* _Problem to work on_: Write the listing below out again in full, dropping its pictures.

* _Source material_:
────────────────
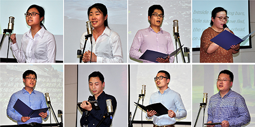 比赛阶段,自各研究室(部门)的22组选手带着饱满的热情,真挚的感情,或跌宕起伏、或激情豪迈、或温婉动情,诵读了《致大海》、When you are old、《放飞中国梦》、《教我如何不想她》、《我是一个任性的孩子》、You have only one 、《前赤壁赋》等耳熟能详的经典诗歌散文作品,“胸藏文墨虚若骨,腹有诗书气自华”,一首首经典朗诵,带给大家视听享受的同时,也传递着积极向上的文学力量。
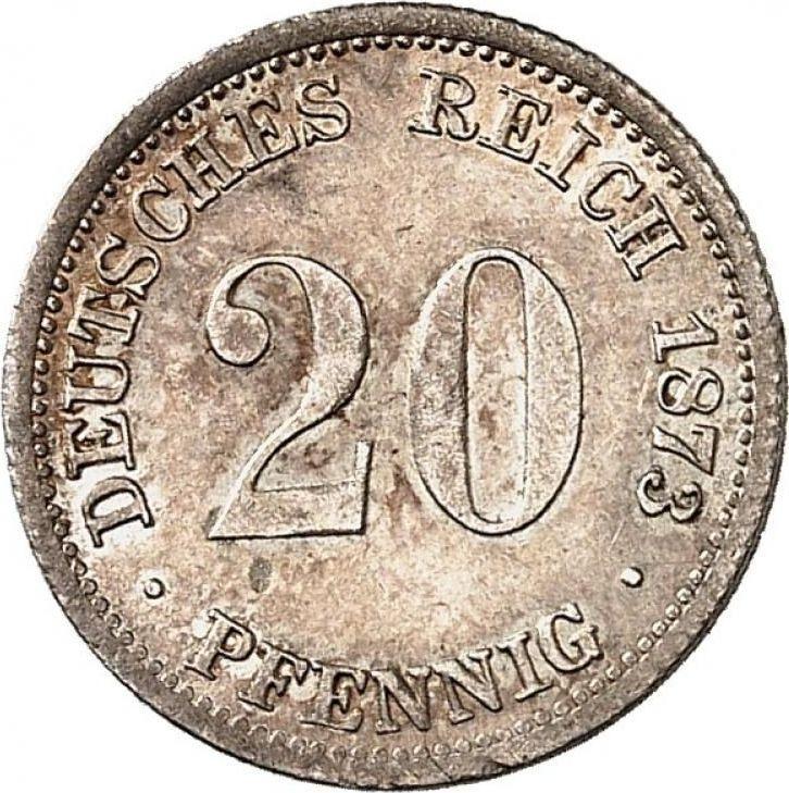Find out the current coin value of the German 20 Pfennig 1873 with mark H. This silver coin from the times of German Empire struck at the Darmstadt Mint. Wondering how much a coin like this is worth? The record price belongs to the lot 182 sold at the Heidelberger Münzhandlung Herbert Grün auction for EUR 1,650. Bidding took place May 17, 2017.
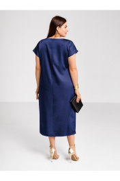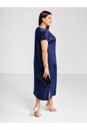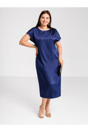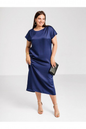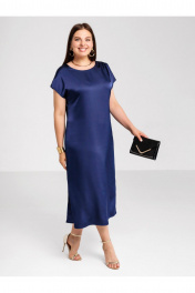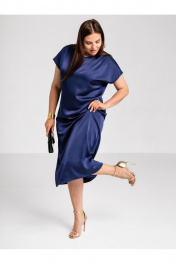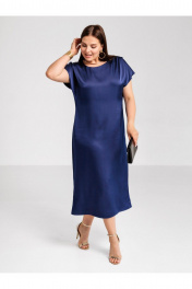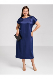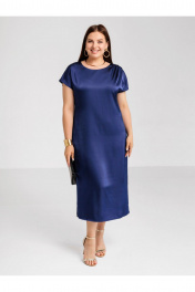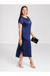 Платье женское прямого силуэта. Длина миди. Модель изготовлена из струящегося текстиля с мягким, благородным блеском. Рукава цельнокроёные, короткие. Вырез горловины слегка округлый. По левому плечу декоративный узел в виде мягких складок, плавно спускающихся на выпуклость груди. По правой стороне внизу - игривый разрез. Платье прекрасно подойдёт для торжественных мероприятий и станет изюминкой любого гардероба.
────────────────
* _Written solution_:
 比赛阶段,自各研究室(部门)的22组选手带着饱满的热情,真挚的感情,或跌宕起伏、或激情豪迈、或温婉动情,诵读了《致大海》、When you are old、《放飞中国梦》、《教我如何不想她》、《我是一个任性的孩子》、You have only one 、《前赤壁赋》等耳熟能详的经典诗歌散文作品,“胸藏文墨虚若骨,腹有诗书气自华”,一首首经典朗诵,带给大家视听享受的同时,也传递着积极向上的文学力量。
Find out the current coin value of the German 20 Pfennig 1873 with mark H. This silver coin from the times of German Empire struck at the Darmstadt Mint. Wondering how much a coin like this is worth? The record price belongs to the lot 182 sold at the Heidelberger Münzhandlung Herbert Grün auction for EUR 1,650. Bidding took place May 17, 2017.
 Платье женское прямого силуэта. Длина миди. Модель изготовлена из струящегося текстиля с мягким, благородным блеском. Рукава цельнокроёные, короткие. Вырез горловины слегка округлый. По левому плечу декоративный узел в виде мягких складок, плавно спускающихся на выпуклость груди. По правой стороне внизу - игривый разрез. Платье прекрасно подойдёт для торжественных мероприятий и станет изюминкой любого гардероба.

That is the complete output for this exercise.